- STORED DATA:
________________

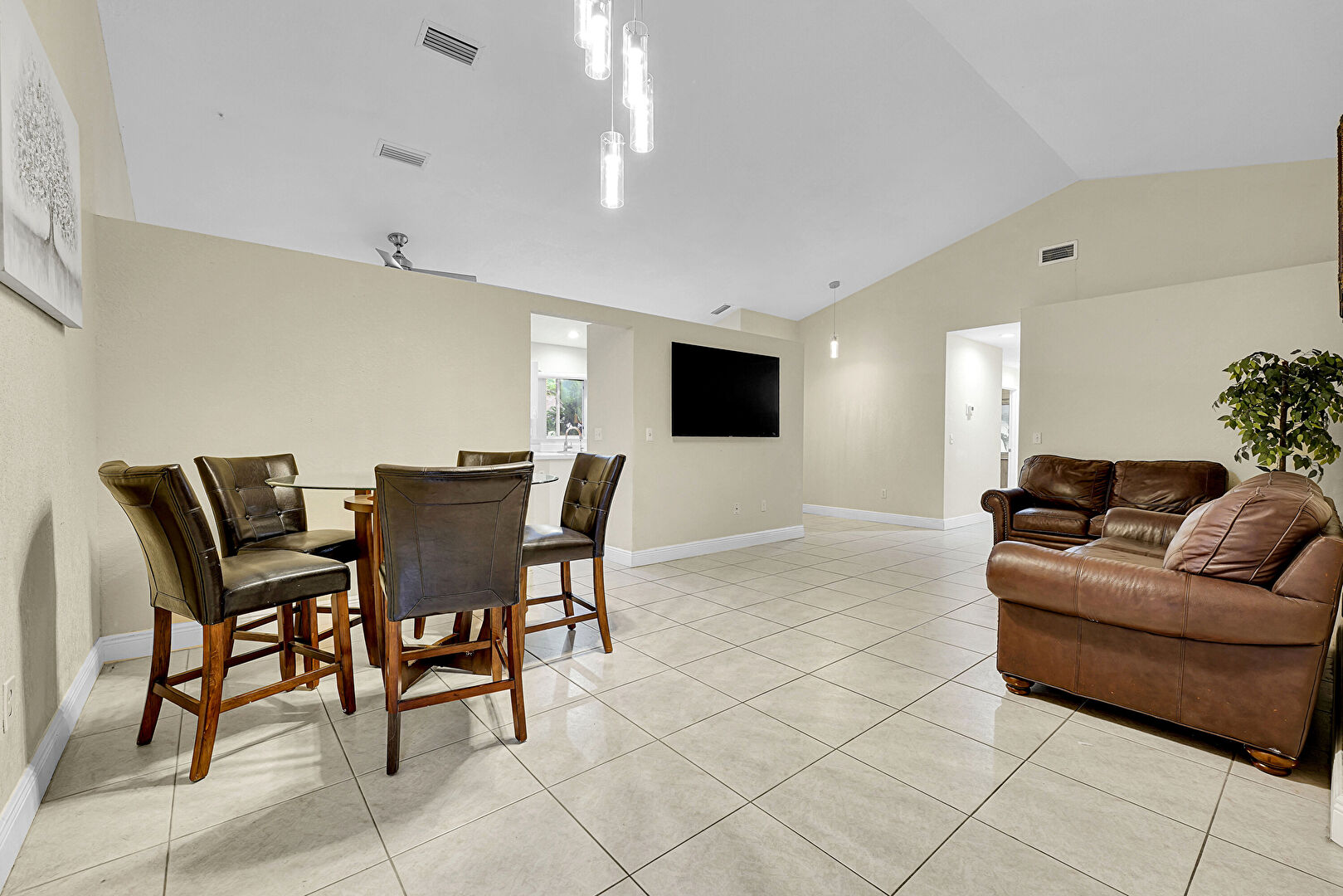 Baseboards Wall, Cathedral Ceiling, Drywall, High Ceiling, Natural Light, Tile Floor, Vaulted Ceiling, Baseboards Wall, Vent
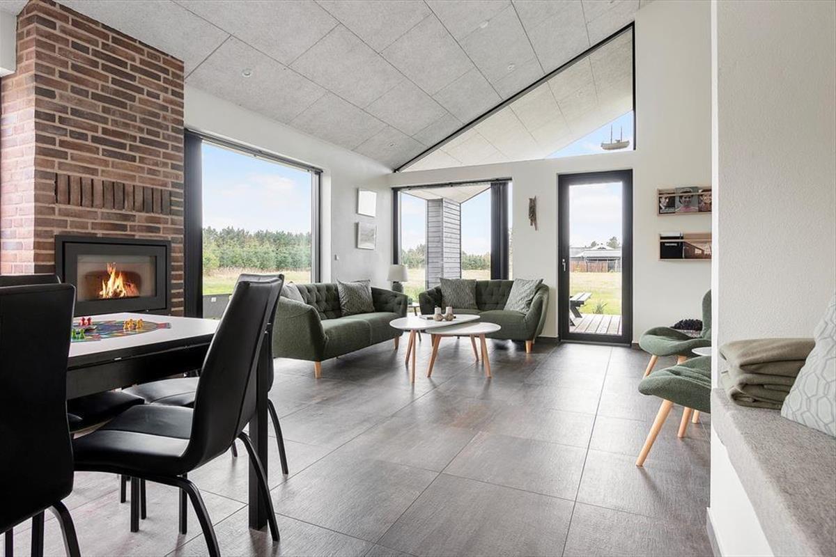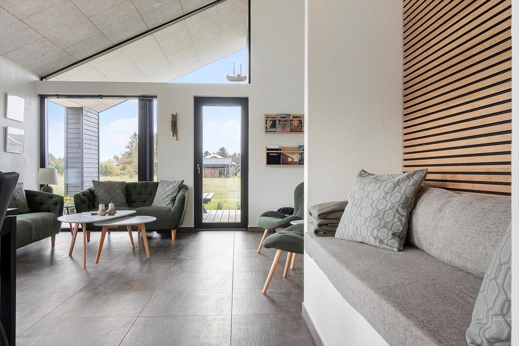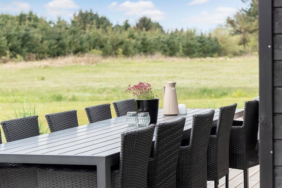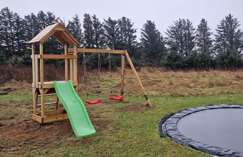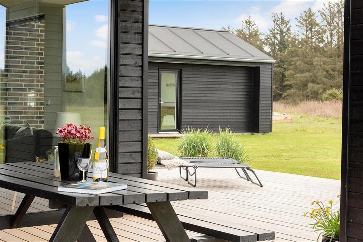 Das Ferienhaus liegt sehr ruhig und abgelegen auf einem 1843 m2 großen Naturgrundstück. Es ist weit weg von den umliegenden Häusern, so dass du wirklich das Gefühl hast, in der freien Natur zu sein. Vom Wohnbereich aus gibt es mehrere Ausgänge zur Terrasse, die sich rund um das Haus erstreckt und ein idealer Ort ist, um im Liegestuhl mit einem guten Krimi zu entspannen und die Ruhe zu genießen. Es gibt auch viel Platz, um den Tisch für gemütliche Mahlzeiten im Freien zu decken - und ein Teil der Terrasse ist überdacht, so dass du auch bei Sommerregen im Freien sitzen kannst. Das große Grundstück bietet außerdem eine ebene Rasenfläche, auf der die jüngsten Familienmitglieder spielen können.
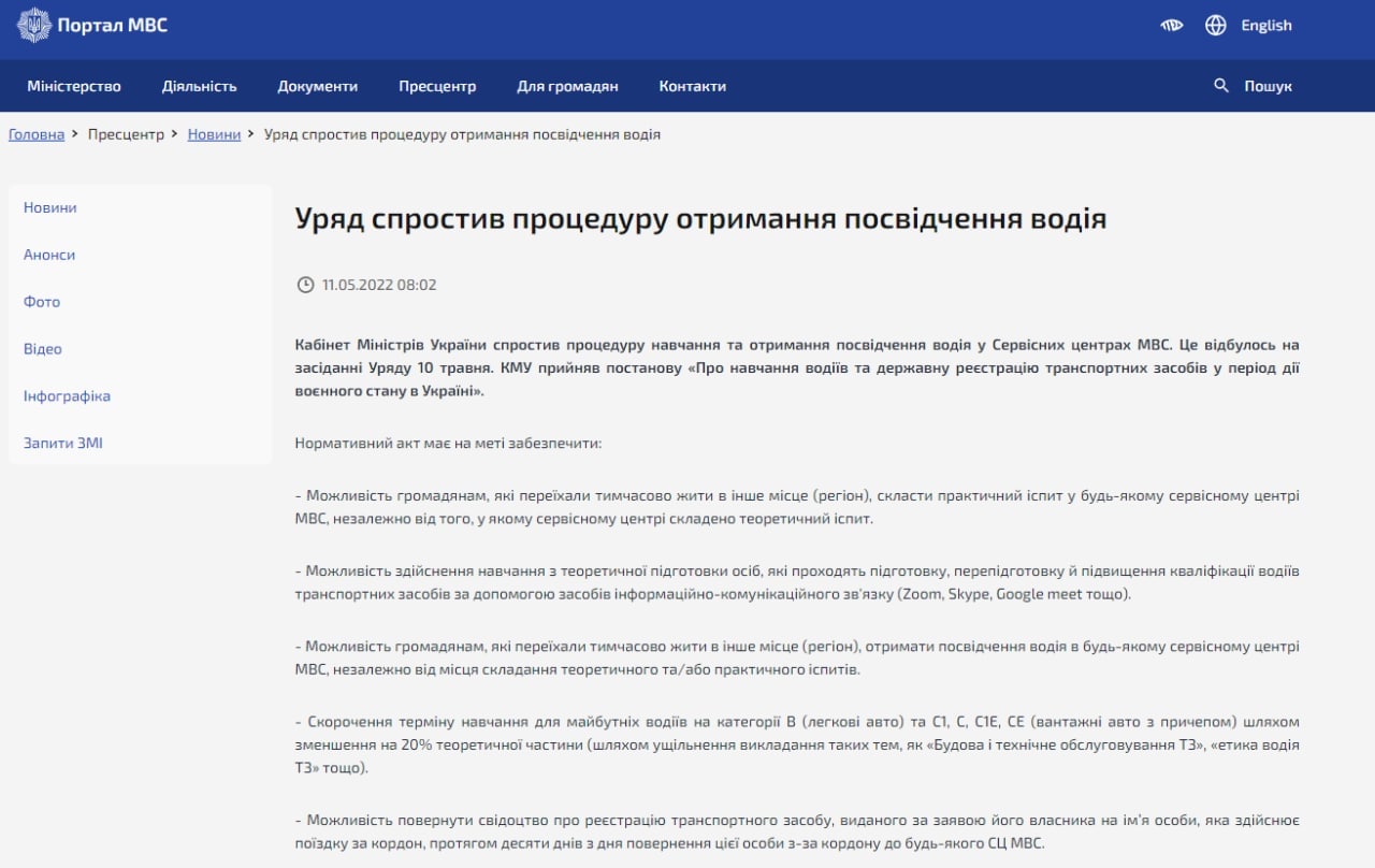 10:03 Кабмин вчера упростил процедуру получения водительского удостоверения в Сервисных центрах МВД.
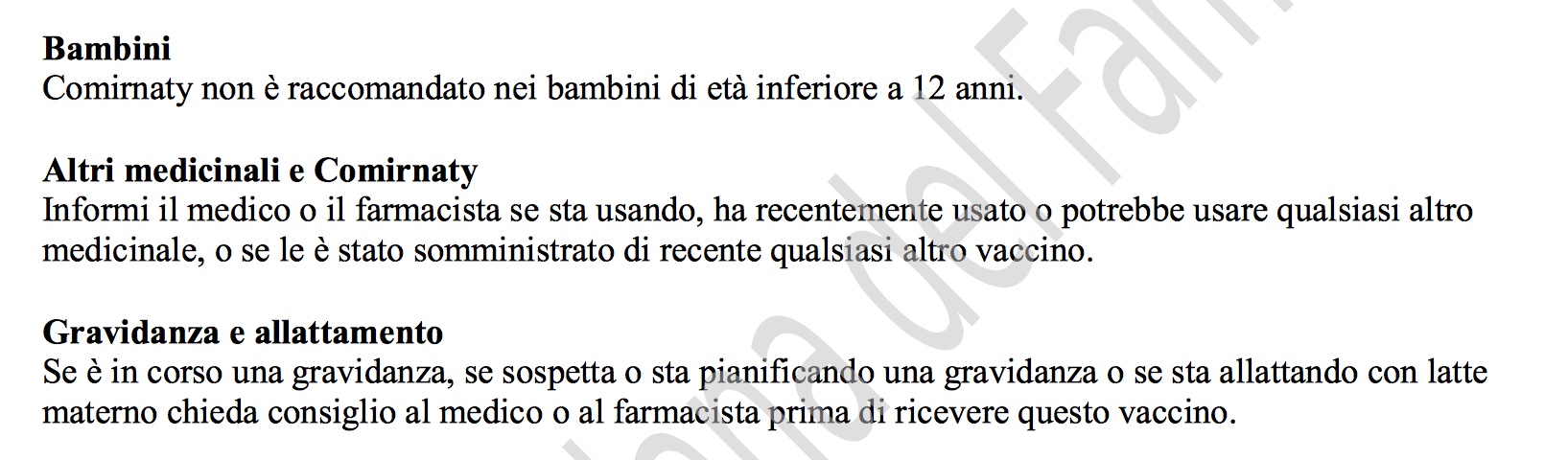 Foglio illustrativo del Vaccino mRNA Comirnaty BioNteh/Pfizer trovate scritto a pagina 3.

________________

- EXERCISE DESCRIPTION: Copy the material exactly as written and leave every picture behind.

- SOLVED PROBLEM:
 Baseboards Wall, Cathedral Ceiling, Drywall, High Ceiling, Natural Light, Tile Floor, Vaulted Ceiling, Baseboards Wall, Vent
 Das Ferienhaus liegt sehr ruhig und abgelegen auf einem 1843 m2 großen Naturgrundstück. Es ist weit weg von den umliegenden Häusern, so dass du wirklich das Gefühl hast, in der freien Natur zu sein. Vom Wohnbereich aus gibt es mehrere Ausgänge zur Terrasse, die sich rund um das Haus erstreckt und ein idealer Ort ist, um im Liegestuhl mit einem guten Krimi zu entspannen und die Ruhe zu genießen. Es gibt auch viel Platz, um den Tisch für gemütliche Mahlzeiten im Freien zu decken - und ein Teil der Terrasse ist überdacht, so dass du auch bei Sommerregen im Freien sitzen kannst. Das große Grundstück bietet außerdem eine ebene Rasenfläche, auf der die jüngsten Familienmitglieder spielen können.
 10:03 Кабмин вчера упростил процедуру получения водительского удостоверения в Сервисных центрах МВД.
 Foglio illustrativo del Vaccino mRNA Comirnaty BioNteh/Pfizer trovate scritto a pagina 3.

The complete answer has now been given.